Take the entries below and retype them word for word, excluding the images.

Source records

########################################

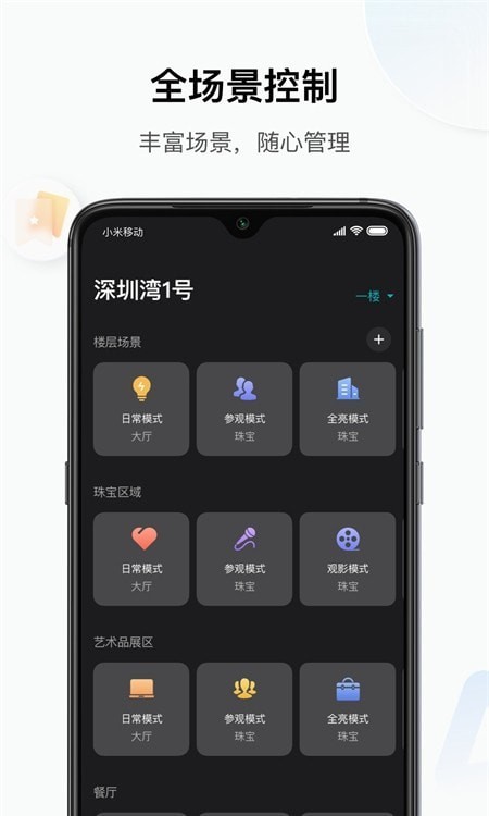 支持全屋智能灯光场景设置:自动切换灯效模式、自定义灯效模式、智能场景联动等。
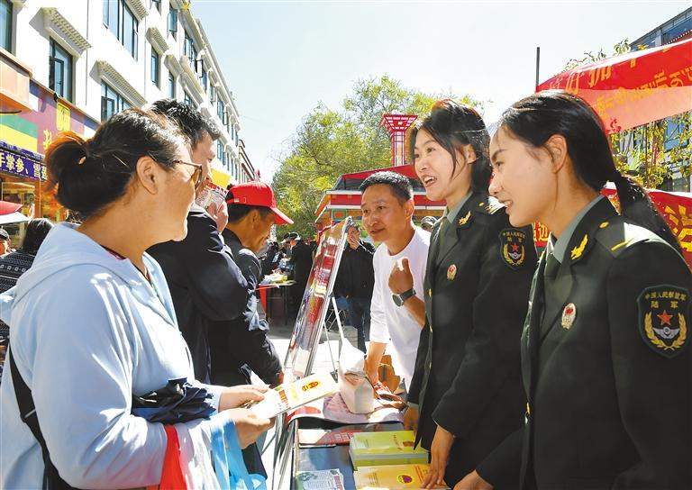 圖為9月16日上午,相關(guān)單位工作人員在拉薩宇拓路街頭為過往群眾講解國防安全知識(shí)。記者 旦增蘭澤 攝
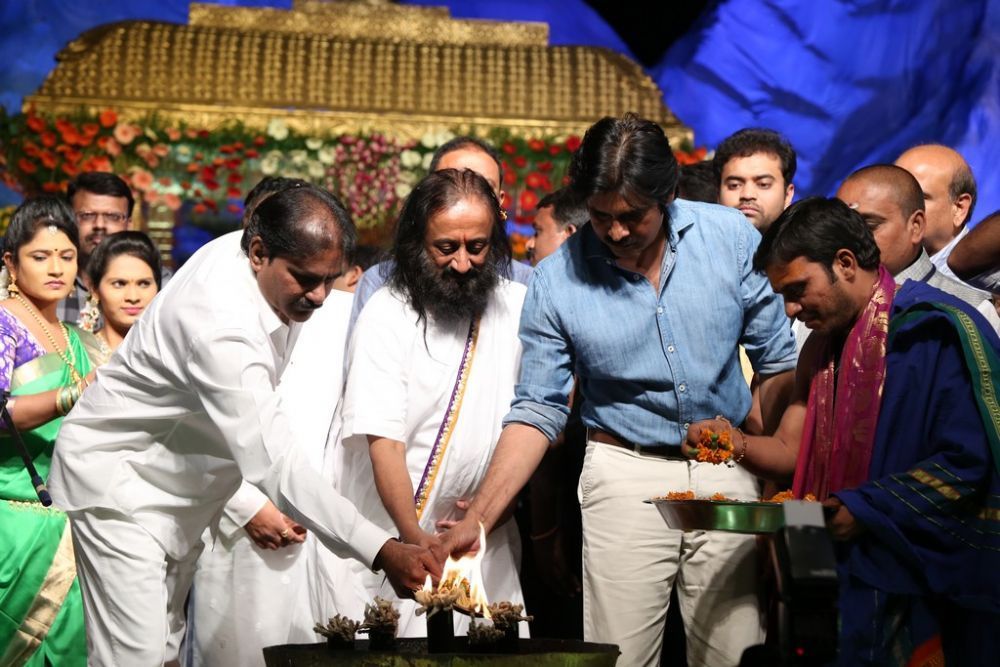 Actor and founder of Janasena party Pawan Kalyan attended as chief guest for koti deepothsavam along with pandit Ravi Shankar and Chaganti Koteswara Rao in Hyderabad.
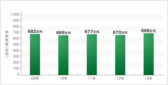 東急建設の年度別平均年収を準大手ゼネコン10社の平均と比較すると、2010年度まではやや高い額で推移し、2011年度にその差は約50万円に広がりましたが、2012年度では平均を下回り、2013年度でほぼ平均まで回復しました。
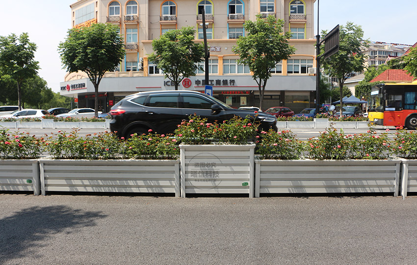 道路隔離花箱可分為中央隔離花箱、機非隔離花箱。這里就是機非隔離花箱。
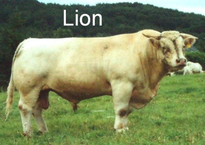 Lion, 1A-Preisträger 1999 in Krefeld, Sohn von KB – Bullen Luzifer, Mutter war eine Friand- Tochter. Hervorragende Töchterleistung in Reproduktion und Milchanlage. Sehr gute Zitzen und Euterform. Ein sehr ausgeglichener Bulle im mitleren Rahmen, mit feinerem Knochenbau und sehr gutem Fundament.
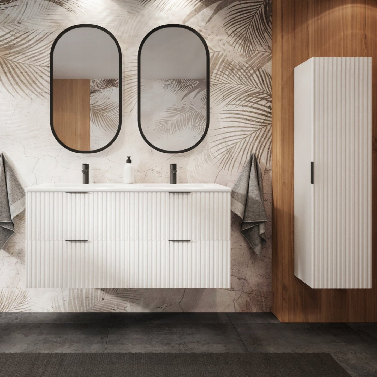 Transform your bathroom into a modern and stylish space with the set of 2 Bathroom Cabinets. This elegant units combines two 60 cm cabinets under a single countertop, featuring trendy grooved MDF fronts, laminated top and board body ensuring durability and resistance to bathroom conditions.
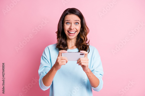 Photo of young attractive girl excited happy positive smile pay game smartphone browse like isolated over pink color background
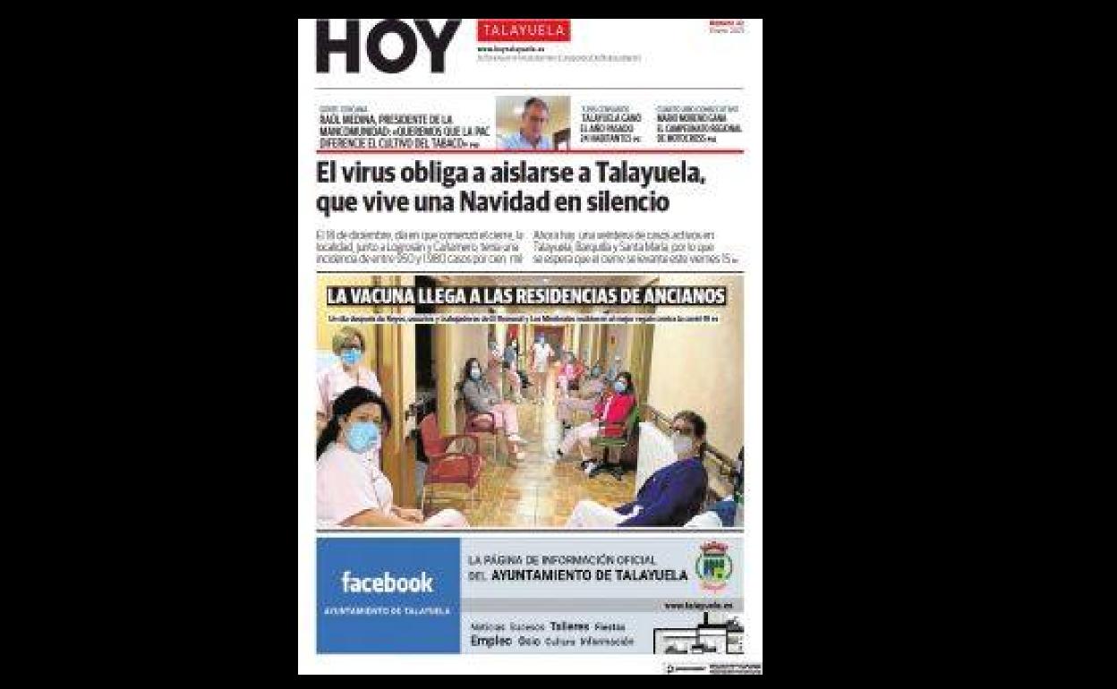 Este miércoles, día 13 de enero, ha salido a la calle el número 42 del HOY Talayuela correspondiente a los meses de diciembre de 2020 y enero de 2021, con mil ejemplares totalmente gratuitos financiados por firmas comerciales de la localidad y regional, para ser distribuidos en los puntos habituales de interés y de mayor concurrencia pública.
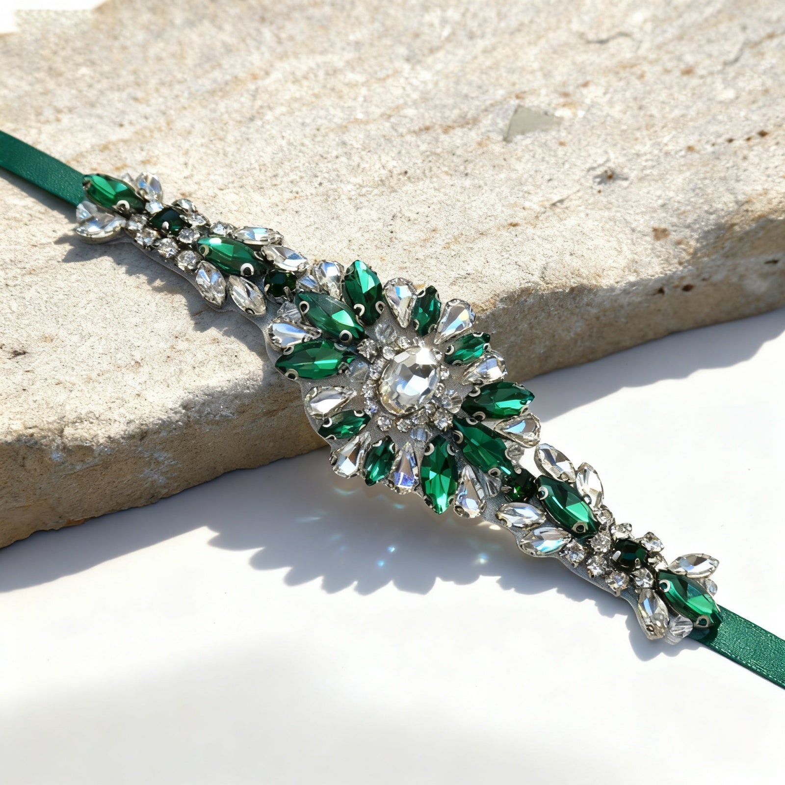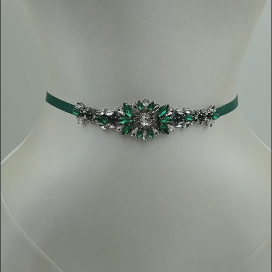 Elevate your look with this green rhinestone belt, perfect for weddings, proms, and special occasions.
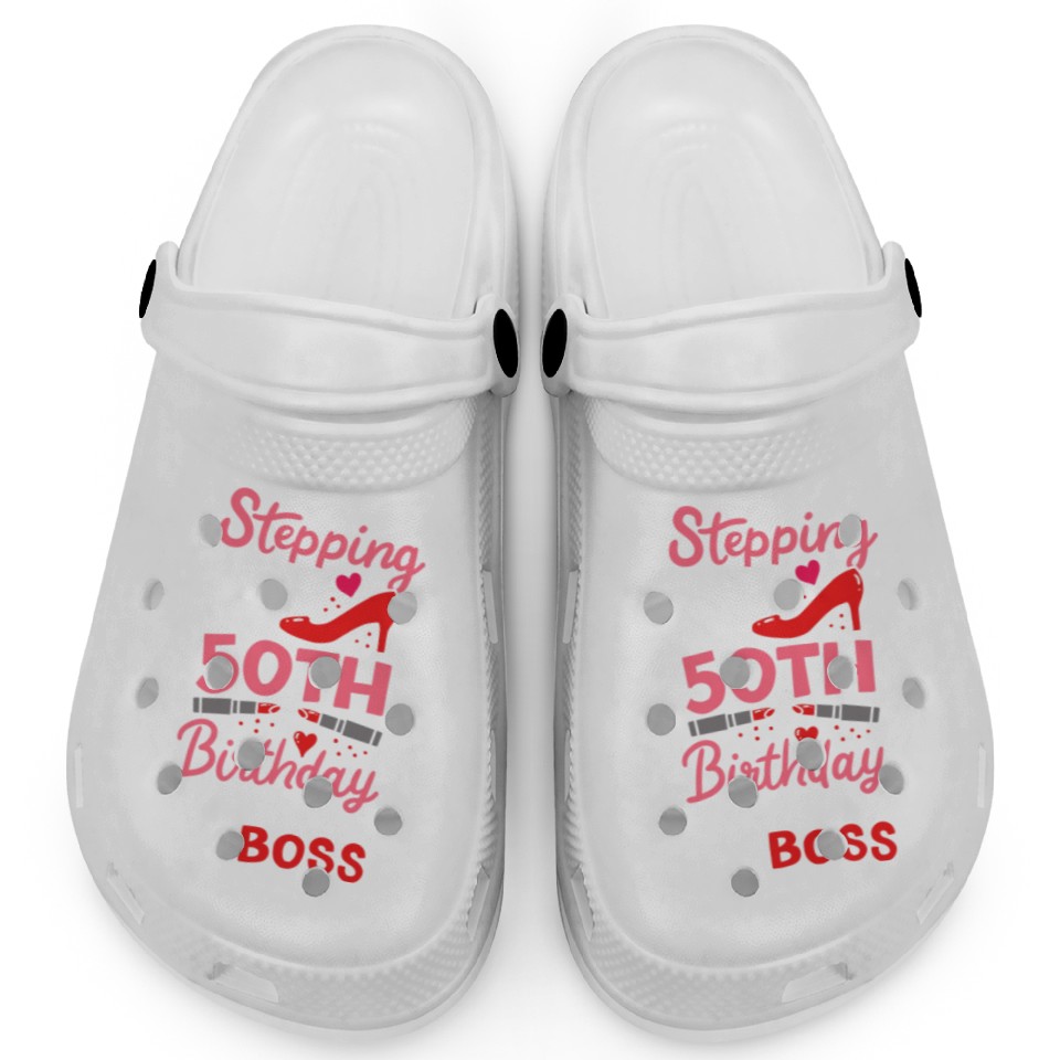 Shop for attractive Stepping Into My 50th Birthday Like A Boss Gift Clogs or see more Clogs products on https://printblur.com right now!

########################################

* RESPONSE TO THIS TASK
 支持全屋智能灯光场景设置:自动切换灯效模式、自定义灯效模式、智能场景联动等。
 圖為9月16日上午,相關(guān)單位工作人員在拉薩宇拓路街頭為過往群眾講解國防安全知識(shí)。記者 旦增蘭澤 攝
 Actor and founder of Janasena party Pawan Kalyan attended as chief guest for koti deepothsavam along with pandit Ravi Shankar and Chaganti Koteswara Rao in Hyderabad.
 東急建設の年度別平均年収を準大手ゼネコン10社の平均と比較すると、2010年度まではやや高い額で推移し、2011年度にその差は約50万円に広がりましたが、2012年度では平均を下回り、2013年度でほぼ平均まで回復しました。
 道路隔離花箱可分為中央隔離花箱、機非隔離花箱。這里就是機非隔離花箱。
 Lion, 1A-Preisträger 1999 in Krefeld, Sohn von KB – Bullen Luzifer, Mutter war eine Friand- Tochter. Hervorragende Töchterleistung in Reproduktion und Milchanlage. Sehr gute Zitzen und Euterform. Ein sehr ausgeglichener Bulle im mitleren Rahmen, mit feinerem Knochenbau und sehr gutem Fundament.
 Transform your bathroom into a modern and stylish space with the set of 2 Bathroom Cabinets. This elegant units combines two 60 cm cabinets under a single countertop, featuring trendy grooved MDF fronts, laminated top and board body ensuring durability and resistance to bathroom conditions.
 Photo of young attractive girl excited happy positive smile pay game smartphone browse like isolated over pink color background
 Este miércoles, día 13 de enero, ha salido a la calle el número 42 del HOY Talayuela correspondiente a los meses de diciembre de 2020 y enero de 2021, con mil ejemplares totalmente gratuitos financiados por firmas comerciales de la localidad y regional, para ser distribuidos en los puntos habituales de interés y de mayor concurrencia pública.
 Elevate your look with this green rhinestone belt, perfect for weddings, proms, and special occasions.
 Shop for attractive Stepping Into My 50th Birthday Like A Boss Gift Clogs or see more Clogs products on https://printblur.com right now!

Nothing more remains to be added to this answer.